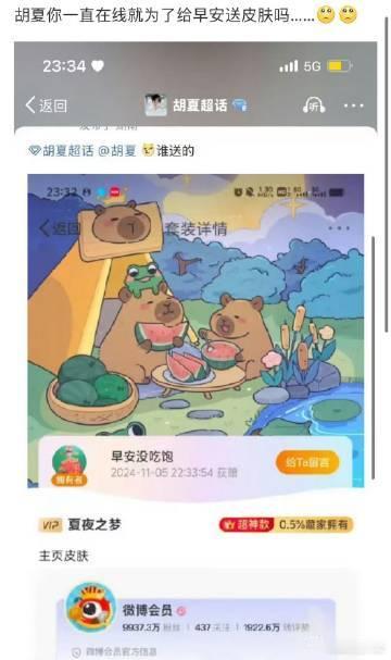 胡夏对卡皮巴拉的热情化为皮肤,送早安是情谊的升华,合照中的兄弟情,似画卷般美丽
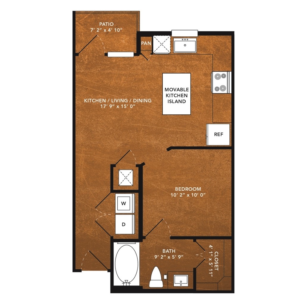 Apartment Model: A1Studio, 1 Bath, 518 sq ftAvailable December 7, 2025![]()
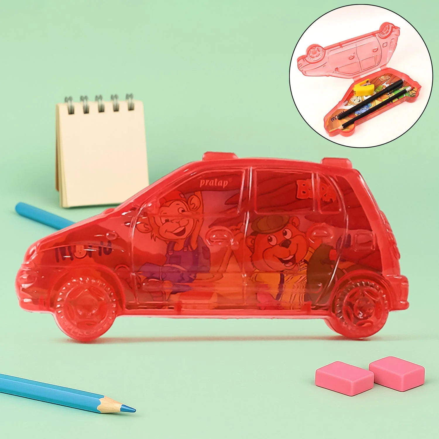 Crafted from durable, child-safe plastic, it features a spacious interior for storing pencils, erasers, sharpeners, pens, and other stationery items. Its compact size fits easily into school bags, while the smooth rounded structure and car detailing make it both eye-catching and functional. A perfect gift for birthdays, return gifts, or everyday school use.
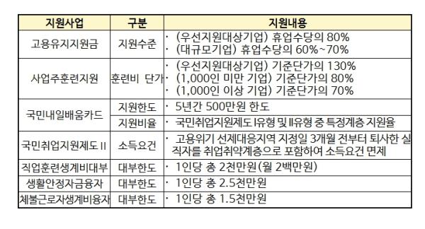 이번 결정을 통해 글로벌 공급과잉, 수요 부진 등 대내외 여건 변화로 어려움을 겪고 있는 석유화학산업 밀집 지역(여수, 서산, 울산 남구)이 모두 고용위기 선제대응지역으로 지정되어 지원받게 된다.
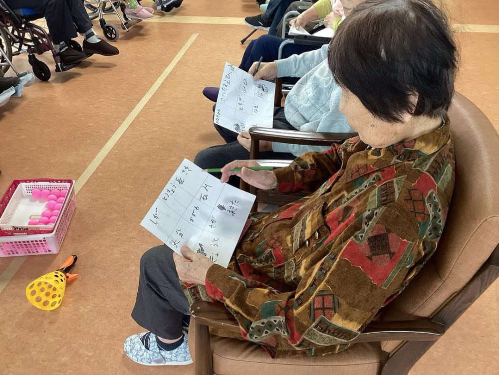 今日のレクは少し難しかったですが、皆様とても楽しそうにされていて、表情にもいつもより笑顔があり、「面白い」と言われていました。
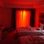 Unser Zimmer mit Neon Porno Beleuchtung von Aussen
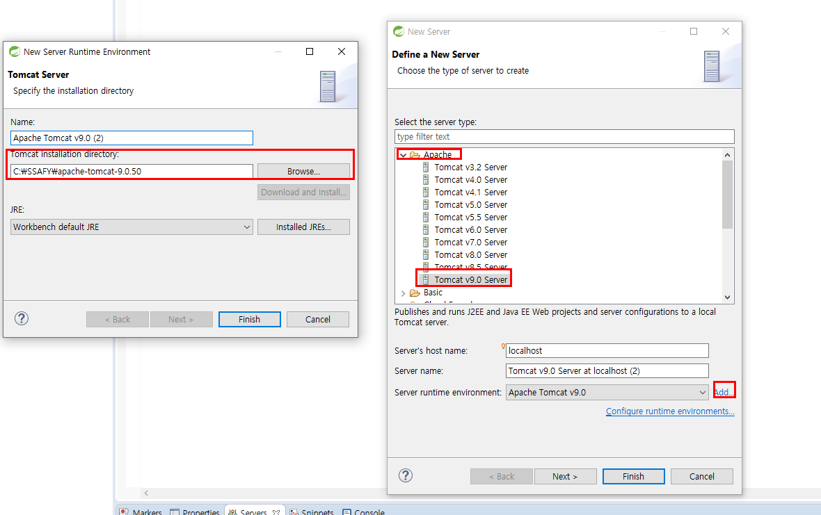 아파치 -> Tomcat 버전 선택 -> Add -> 톰캣 홈페이지에서 다운로드 후 압축 해제 -> Tomcat Iinstallation directory 톰켓 경로 설정 -> Finish -> Finish
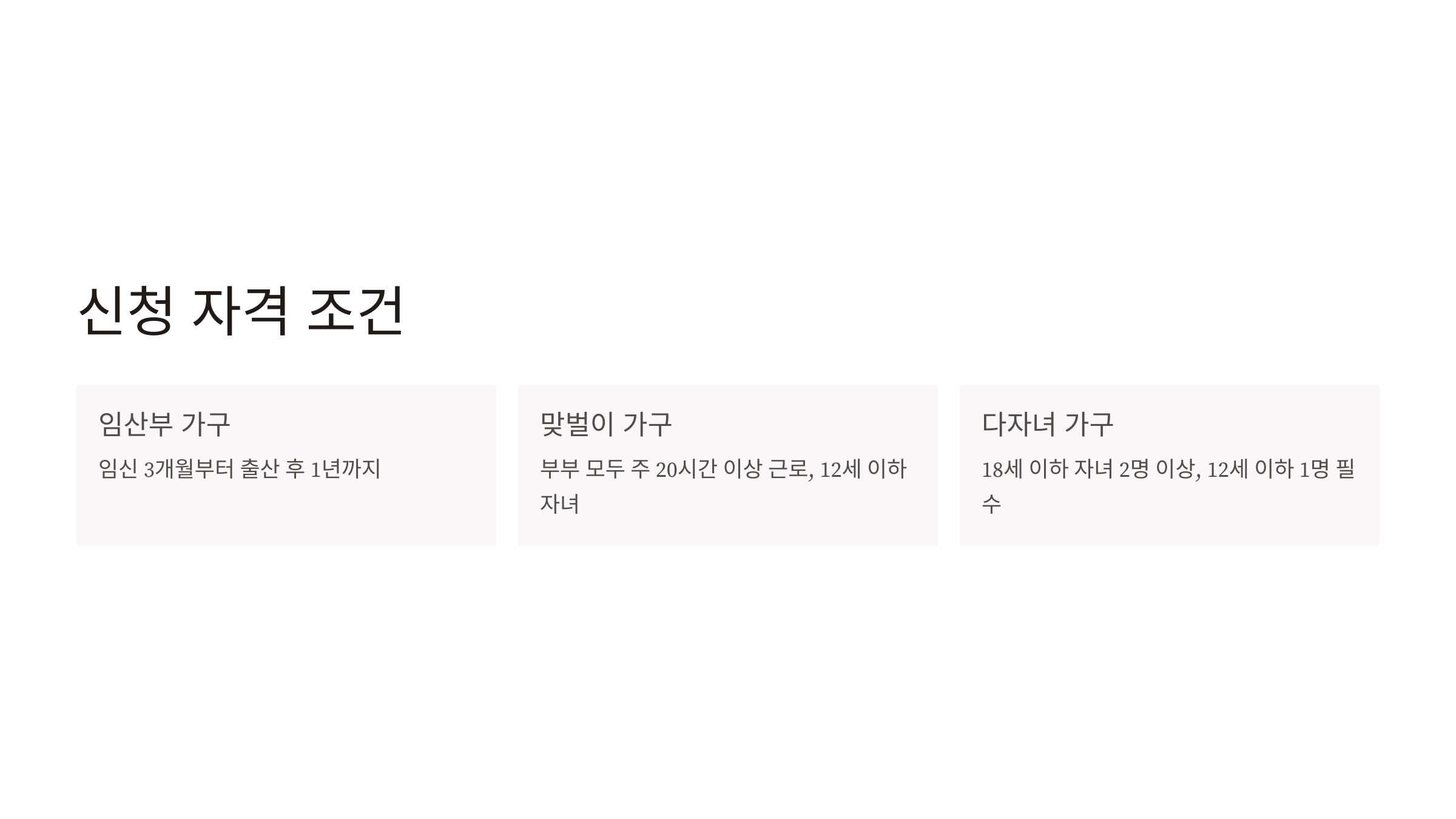 - 단, 12세 이하 자녀가 반드시 1명 이상 있어야 함 (2025년 신규 조건)
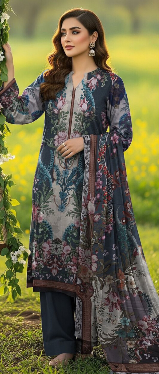Unstitched Banadoria lawn Digital printed 3PC Suit – BL04
= = = = =
_WORK TO BE COMPLETED_
Copy exactly what appears from the line holding "Unser Zimmer mit" to the end of the material, keeping both end lines. Pictures are not part of the copy.

_SOLUTION FOR THIS EXERCISE_
 Unser Zimmer mit Neon Porno Beleuchtung von Aussen
 아파치 -> Tomcat 버전 선택 -> Add -> 톰캣 홈페이지에서 다운로드 후 압축 해제 -> Tomcat Iinstallation directory 톰켓 경로 설정 -> Finish -> Finish
 - 단, 12세 이하 자녀가 반드시 1명 이상 있어야 함 (2025년 신규 조건)
Unstitched Banadoria lawn Digital printed 3PC Suit – BL04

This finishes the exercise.